I spent hours on the treadmill, burning every last calorie that I had counted for the day. I hopped on the scale more than 30 times each day. I went clothes shopping just to see if I was a new size. It wasn’t pretty and it took a lot of tears, hope, faith and peanut butter sandwiches to get me to a place where I realized that I was more than a number on a scale, that I shouldn’t be reducing myself to what magazines will tell you that you have to be in order to be something, in order to be loved.

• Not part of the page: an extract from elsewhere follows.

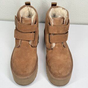 UGG Neumel Platform Chukka Boots Suede Strap Chestnut Tan Plush Lined Size 8

All of that, two pregnancies and a lot of stretch marks and a belly pooch later, I find myself more comfortable now in my skin than ever before. I look better than last year and I know I’ll look better next year. I know that confidence will change in time for the better. The comfort will settle in and feel like an old friend I can lean on when I get down. I know that what I look like today is worth celebrating instead of berating, because all too soon I will look back and realize how good I had it when I was 30.

Too often, I’ve hidden behind photos with my kids or photos of myself pregnant to define who I am and what I look like, as if it was only okay to have my picture taken if I had a good excuse like a cute kid and a tender mother-child moment to document, and certainly not just to document the singular me.

And so, when hubby had the camera out over the weekend and asked if he could take a picture or two or ten while the lighting was good, I agreed. I know I’m not there yet, but I let myself try to find that comfort with myself. And when I was told I looked great, I believed it and simply said “thank you”.